In my continued quest to banish as many string literals as I possibly can from my project, I wrote a little tool to generate a header file containing string constants for the names of all the images in my .xcassets
bundle.
This means you get compile-time checking of two things — you misspelling the image name, and images being named incorrectly.
The tool is very simple, and is mostly a duplicate of the generate-string-symbols
tool I wrote a while ago. It runs through your .xcassets
directory and writes the found image names out to a header file. You can see the source over on GitHub.
For consistency’s sake, you can pass -prefix
and -suffix
parameters to the tool, which do what they say on the tin. A prefix of CBL
and a suffix of ImageName
will convert and image named Awesome
into CBLAwesomeImageName
, with a value of @"Awesome"
.
Putting It All Together
To integrate this into your project, there are three steps:
- Generating the header files when your project builds.
- Telling Xcode where to find the generated files at build time.
- Importing the generated header files so you can use them.

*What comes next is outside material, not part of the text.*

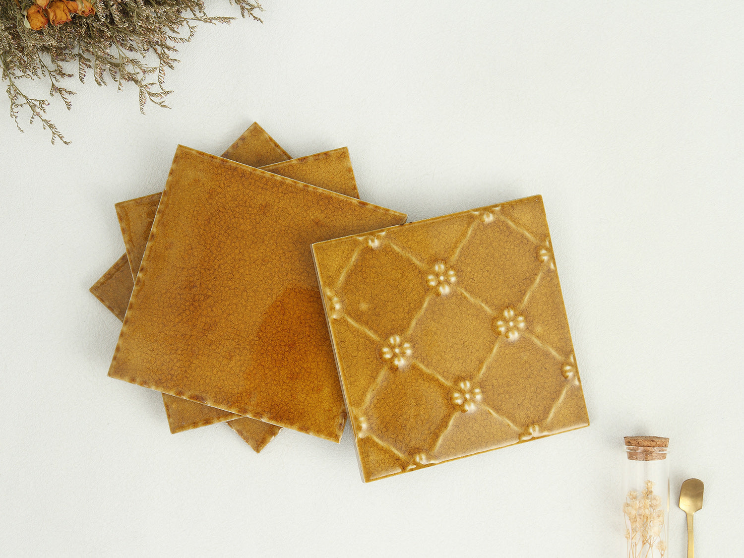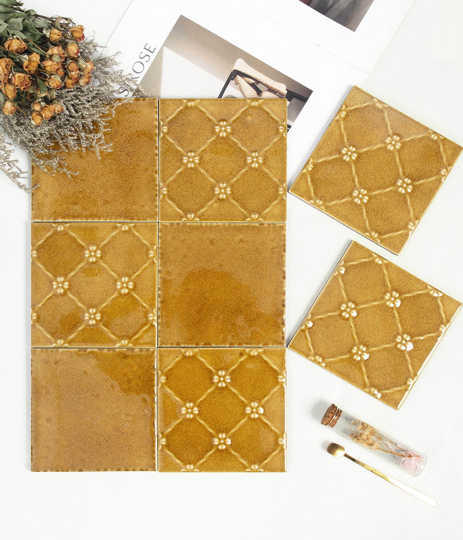 These exceptional tiles feature a rich golden amber glaze with distinctive ice crack patterns that create an elegant, artistic finish. The kiln-fired glaze produces natural color variations and unique crackle patterns, ensuring each tile is a one-of-a-kind work of art.

First, you want to create a custom build step in Xcode before the Compile Sources build step to generate header files from your image assets. My custom build step looks like this:
"$PROJECT_DIR/Vendor/generate-imageasset-symbols/generate-imageasset-symbols"
-assets "$PROJECT_DIR/Cascable/Images.xcassets"

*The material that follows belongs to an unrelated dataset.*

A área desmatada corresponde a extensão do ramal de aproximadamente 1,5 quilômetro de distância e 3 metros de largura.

-out "$BUILT_PRODUCTS_DIR/include/CBLImageNames.h"
-prefix CBL
-suffix ImageName
It uses /bin/sh
as its shell, and I have the generate-imageasset-symbols
binary in the Vendor/generate-imageasset-symbols
directory of my project. It places the generated header file in the include
directory of the build directory.
Next, you need to tell Xcode where to search for your files. Make sure your project’s Header Search Paths setting contains $BUILD_PRODUCTS_DIR/include
.
At this point, you can start using the symbols in your project. However, you’ll need to #import
your generated header files(s) in each file you want to use localised strings in.
To get around this, can #import
them in your project’s prefix header file.
#import <CBLImageNames.h> // Generated from image assets
UIImage *image = [UIImage imageNamed:CBLAwesomeImageName];
…and you’re done! You can find the generate-imageasset-symbols
project over on GitHub under a BSD license. Enjoy!